- Steam header
- Developer: Petri Purho
- Designer: Petri Purho
- Composer: Stian Stark
- Engine: Box2D
- Platforms: Windows, iOS, Mac OS X, Linux, Android
- Release: Windows (as Crayon Physics) 2007 iOS January 5, 2009 Windows January 7, 2009 OS X August 26, 2011 (Steam) Linux EU: August 26, 2011; NA: September 9, 2011;
- Genre: Puzzle
- Mode: Single-player

= Crayon Physics Deluxe =

Crayon Physics Deluxe is a puzzle video game designed by Petri Purho and released on January 5, 2009. An early version, titled Crayon Physics, was released for Windows in June 2007. Deluxe won the grand prize at the Independent Games Festival in 2008. It features a heavy emphasis on two-dimensional physics simulations, including gravity, mass, kinetic energy and transfer of momentum. The game includes a level editor and enables its players to download and share custom content via an online service.

== Gameplay ==
The objective of each level in Crayon Physics Deluxe is to guide a ball from a predetermined start point so that it touches all of the stars placed on the level. The ball and nearly all objects on the screen are affected by gravity. The player cannot control the ball directly, but rather must influence the ball's movement by drawing physical objects on the screen. Depending on how the object is drawn, it becomes a rigid surface, a pivot point, a wheel or a rope, and the object can then interact with the ball by hitting it, providing a surface to roll on, dragging, carrying or launching the ball, etc. The player can also nudge the ball left or right by clicking on it, and in some levels, rockets appear and can be used as part of the solution.
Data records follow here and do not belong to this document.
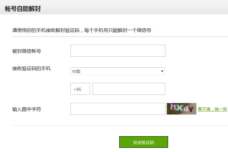 步骤二:点击:自助解除登录或功能限制“输入被封微信帐号(可以是QQ号、邮箱、微信号或手机号),输入接收验证码的手机,每个手机号只能解封一个微信号。输入图片中显示的字符,然后点击“发送验证码”按钮即可。
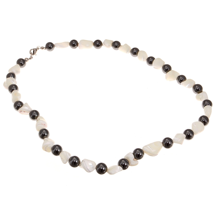 Роскошные бусы "Гематит с перламутром" галтовка с шаром, цвет белый, 45см станут ярким дополнением наряда, придадут ему пикантную нотку и без слов помогут рассказать о присущем вам чувстве стиля. Перламутровое украшение подойдёт практически всем знакам зодиака: наполнит их жизнь новыми и интересными событиями, обеспечит в доме гармонию. Наиболее сильное влияние оно окажет на модниц, родившихся под знаком Водолея и Рыб. Своим обладательницам бусы принесут успех в профессиональной карьере и удачу в любых их начинаниях.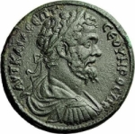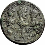 laureate, draped and cuirassed bust of Septimius Severus, right, seen from rear, between, on the left, laureate, draped and cuirassed bust of Caracalla, right, seen from front, and on the right, laureate, draped and cuirassed bust of Geta, left, seen from front; behind, eagle standing facing, head left, spreading wings, between two stars |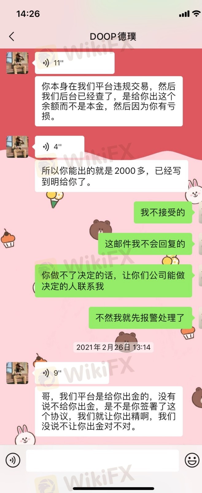 本人于2020年4月份在德璞开立账户交易外汇,前后入金4次,总金额1万4千美金,期间持续交易,没有盈利,略有亏损,出金9800美金。后在2021春节假期交易获得盈利1万3千多美金,2月份申请出金,迟迟没有回应。后来交易账户和后台直接登录不上,联系客服让我等处理,之后就收到邮件,说我在他们平台的账户违反了他们平台的交易规定,直接扣除掉我的所有盈利,退回账户资金4718美金。沟通未果,后又收到邮件,再次扣除本金2395,1万8美金的账户只能出金2323美金。盈利和本金想扣多少扣多少,都是平台说了算吗???说我的盈利都是违规,然后亏损的部分直接扣本金,做这个平台快1年了,没想到最后本金都拿不回来。大家一定要擦亮眼,远离黑平台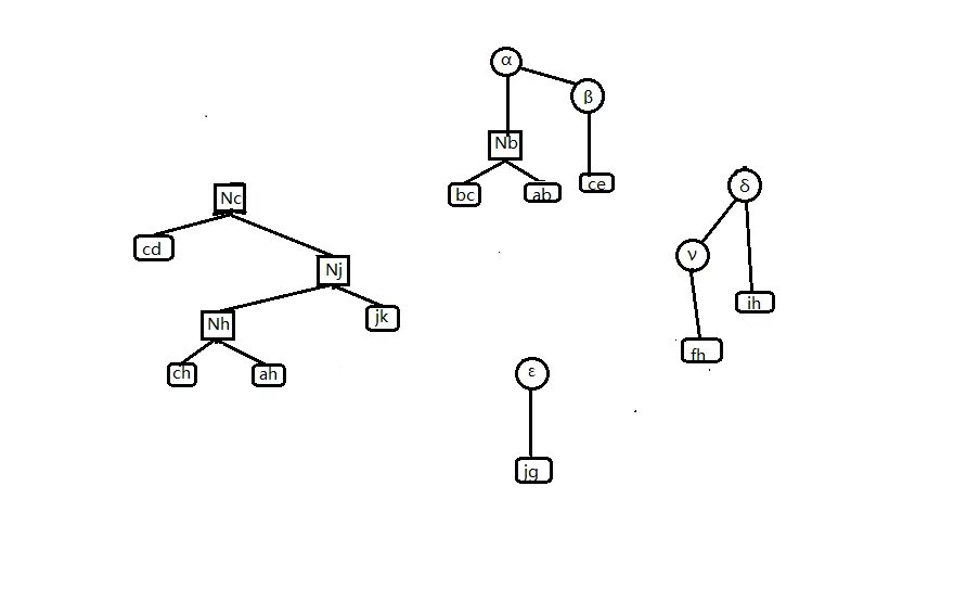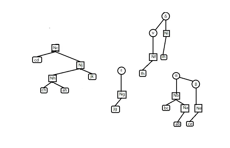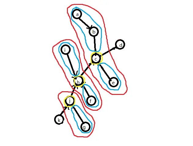 由树收缩的基本操作可知,簇路径上的点、边 ( 𝑗 , ℎ , 𝑐 , 𝑗 ℎ , ℎ 𝑐 ) ( j , h , c , j h , h c ) 的信息最后是通过 Compress 操作才加入 𝐶 ( 𝑘 , 𝑔 ) C ( k , g ) 的,而的非簇路径点 ( 𝑎 , 𝑏 , 𝑖 , 𝑓 , 𝑔 , 𝑒 , 𝑖 𝑔 , ⋯ ) ( a , b , i , f , g , e , i g , ⋯ ) 是通过 Rake 操作才加入 𝐶 ( 𝑘 , 𝑔 ) C ( k , g ) 的.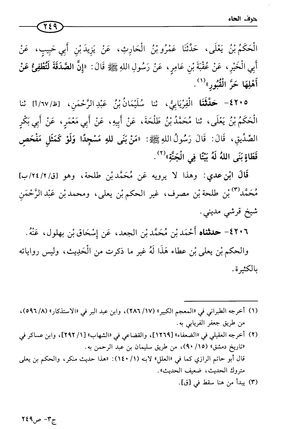 قال ابنُ عَدِي: وهذا لا يرويه عن مُحمد بن طلحة، وهو مُحمد بن طلحة بن مصرف، غير الحكم بن يَعلَى، ومُحمد بن عَبد الرحمن شيخ قرشي مديني.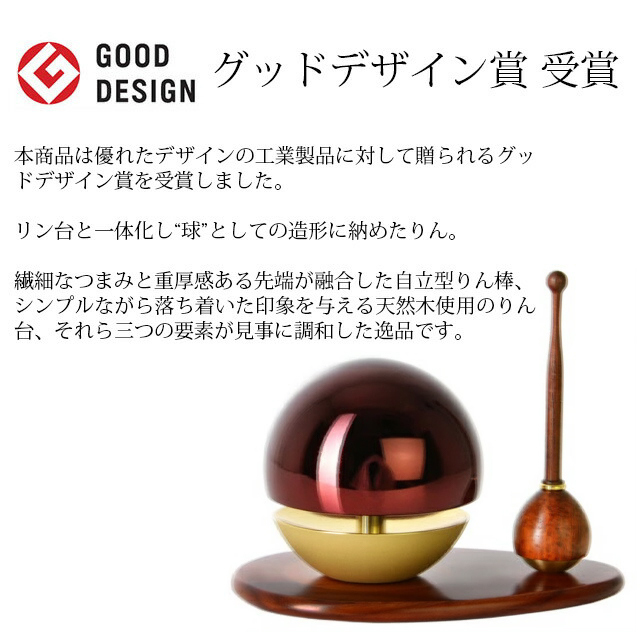 たまゆらりんは優れたデザインの工業製品に対して送られるグットデザイン賞を受賞しました。りん台と一体化し“球”としての造形に納めたりん、繊細なつまみと重量感ある先端が融合した自立型りん棒、シンプルながら落ち着いた印象を与える天然木使用のりん台、それら三つの要素が見事に調和した逸品です。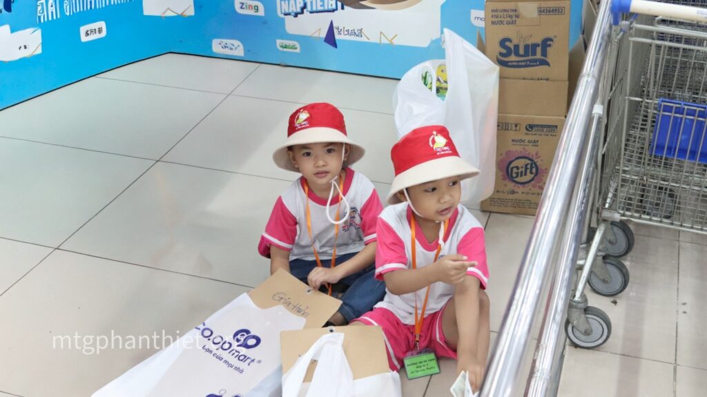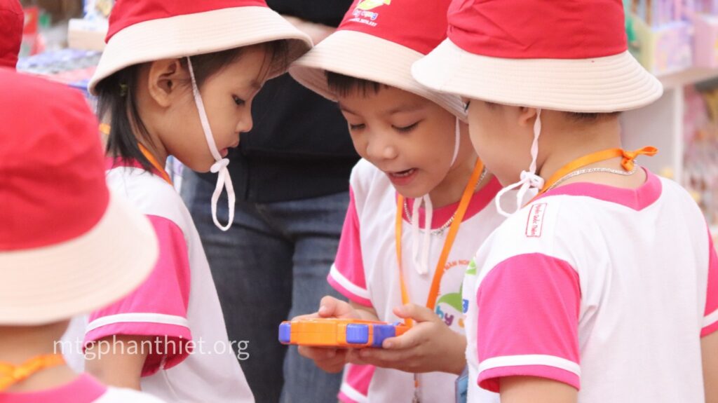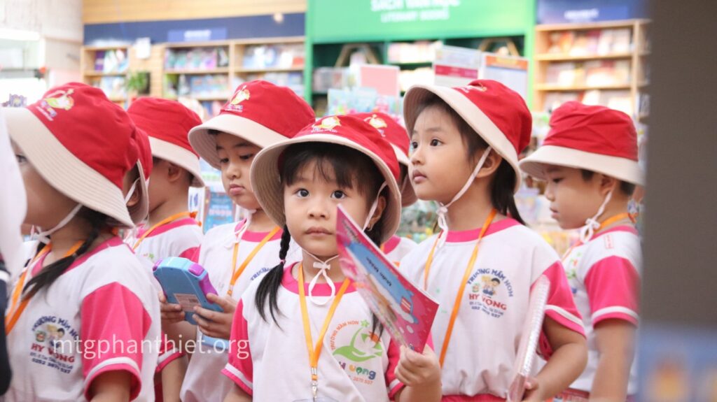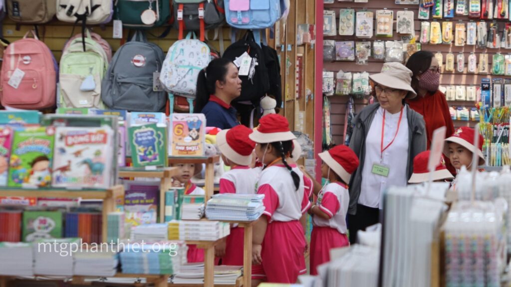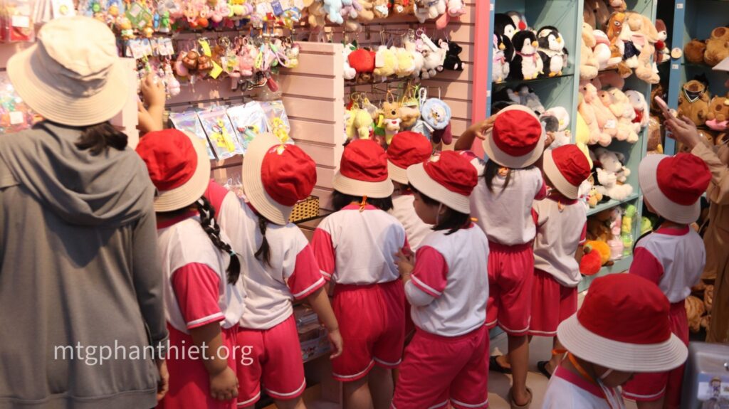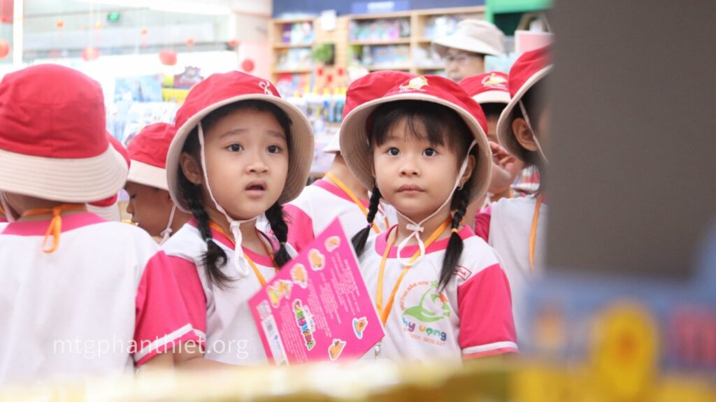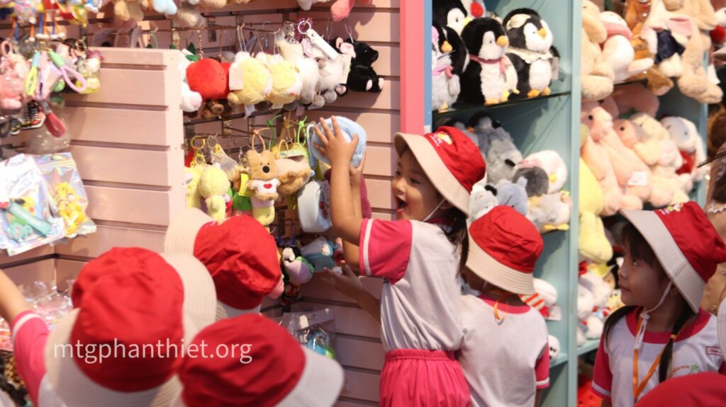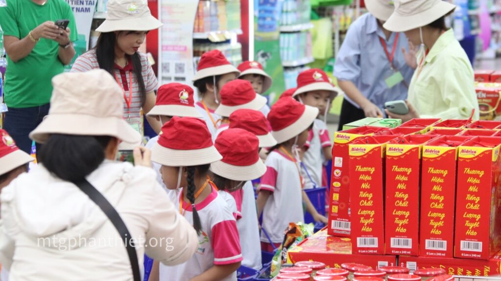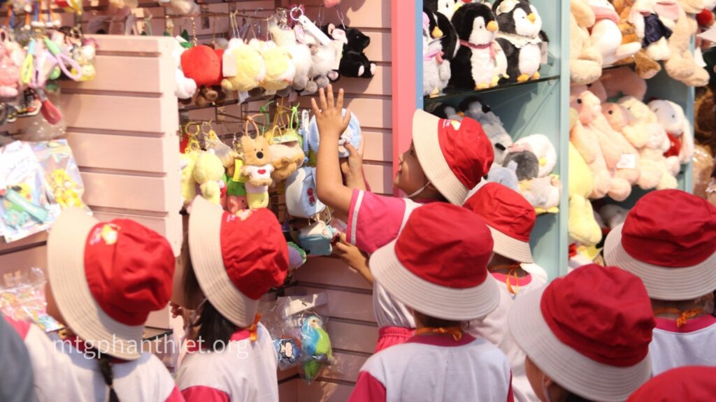 Tại siêu thị Co.opmart La Gi, các bé lớp Lá Trường Mầm Non Hy Vọng – thuộc Cộng đoàn Tân Lập Hội dòng Mến Thánh Giá Phan Thiết – được chia nhóm để lần lượt tham quan nhà sách, quầy hàng, những kệ đồ quen thuộc trong đời sống hằng ngày. Trước đó, các cô đã cùng các em ngồi lại, trò chuyện xem “hôm nay con muốn mua gì?”. Có bé hào hứng nói muốn mua bánh, mua đồ chơi, mua bút màu, có bé lại bảo thích mua xì dầu vì rất mê ăn xì dầu với cơm… Những dự định nhỏ bé ấy đều được lắng nghe và trân trọng.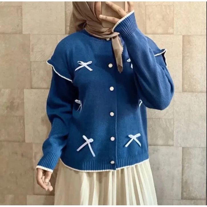 Cardigan Wanita Korea Kekinian POPPY cardigan rajut pita outer - korean look - cardigan pita lucu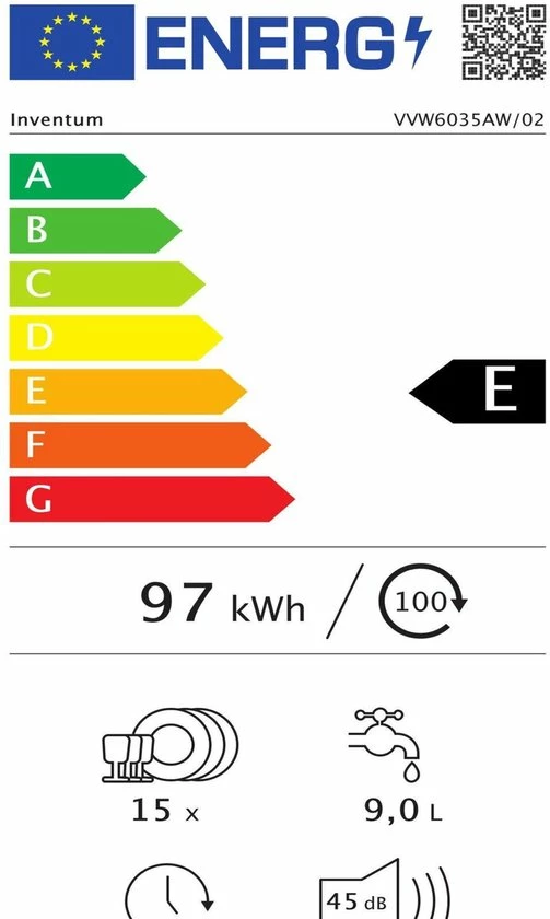 De luxe Inventum vrijstaande vaatwasser VVW6035AW is geschikt voor 15 couverts, heeft een digitaal display, een ergonomische besteklade en een in hoogte verstelbare bovenkorf. Deze vaatwasser met energie-efficiëntieklasse E verbruikt per wasbeurt slechts 9 liter water. Je hebt de keuze uit zes programma’s, waaronder een eco-programma en een hygiëne programma voor erg vuile vaat. Heb je een keer weinig vaat, kies dan voor de optie halve belading. Het gekozen programma wordt dan sneller en minder intensief gedraaid, waardoor je tijd, energie en water bespaart. Daarnaast is het met de uitgestelde start mogelijk om het gekozen programma tot 24 uur later te laten starten. Omdat veiligheid voorop staat, heeft deze vaatwasmachine een roestvrijstalen kuip en een aquastop. Wateroverlast is daarmee voorgoed verleden tijd!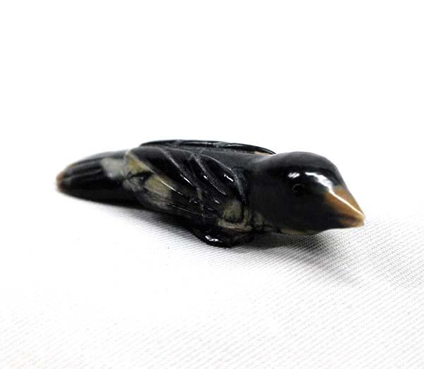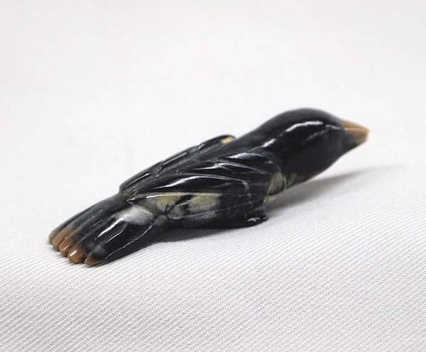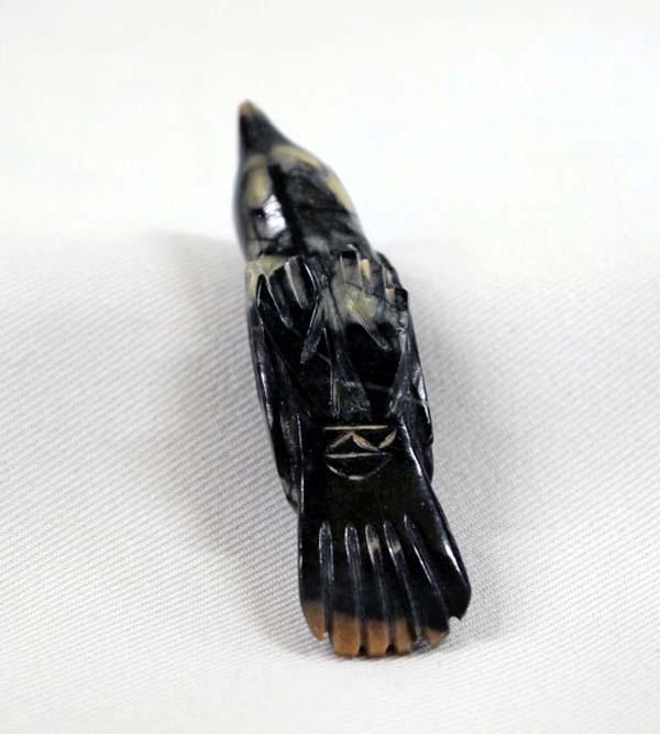 Native American Zuni Picasso Stone Raven Fetish. Hallmark on bottom, ''RD''. Measures 1.75'' long x 0.5''H. Has tiny chip on tip of beak. Buyers Pay Actual Shipping and Handling Charges(see terms and conditions for more information).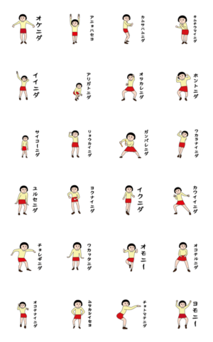 パッと見ダサいけど、昭和味があってかわいいスタンプ(韓国っぽい 特別編)いつもの芋ジャージを着替えて韓国っぽい言葉をしゃべってますどんおりじなる より発売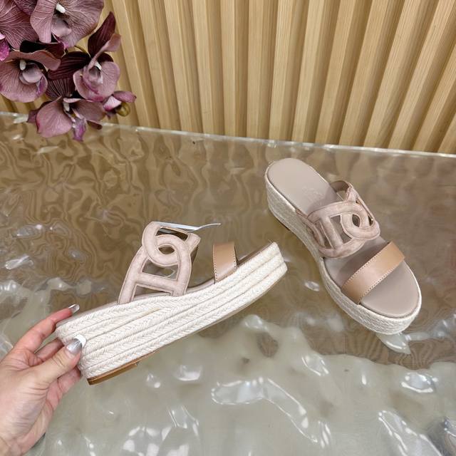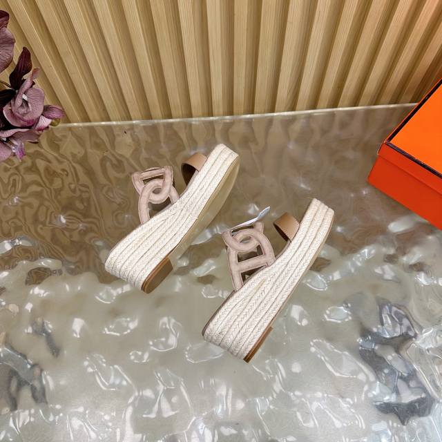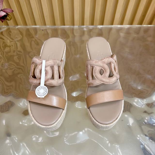 凉鞋坡跟Hemers Ss 爱马仕早春新款、工字型厚底拖鞋、真皮沿条奢华细节拿到货就知道什么叫高品质~

The game challenges players to come up with creative solutions to each puzzle, and provides additional rewards for elegant solutions that do not rely on "brute force methods". It comes with more than seventy levels, and also features a level editor and an online Playground, where players can upload and download custom levels.

== Development ==

===Crayon Physics===
Crayon Physics, the original prototype of this game, is Purho's tenth "rapid-prototype project" inspired by the rules of the Experimental Gameplay Project, and was developed in five days using resources freely available under a Creative Commons license. The game was first released for Windows. On June 10, 2007, Purho announced that he would be developing a level editor to permit user-created levels, although by June 15 fans of the game had already worked out the level format and had released new levels for the game. The level editor was released on June 30. Crayon Physics was built with Simple DirectMedia Layer middle-layer and released as freeware.

===Crayon Physics Deluxe===
On October 12, 2007, Purho, also known by his studio alias of 'Kloonigames', announced Crayon Physics Deluxe, which would feature an intuitive level editor, more levels, and a modification to the game engine to preserve the player's drawings instead of turning them into rectangles. The follow-up took a year and eight months to develop. It won the Seumas McNally Grand Prize at the Independent Games Festival in February 2008. Chris Baker of Slate Magazine also wrote that Crayon Physics Deluxe was more talked about than Gears of War 2 at the 2008 Game Developers Conference.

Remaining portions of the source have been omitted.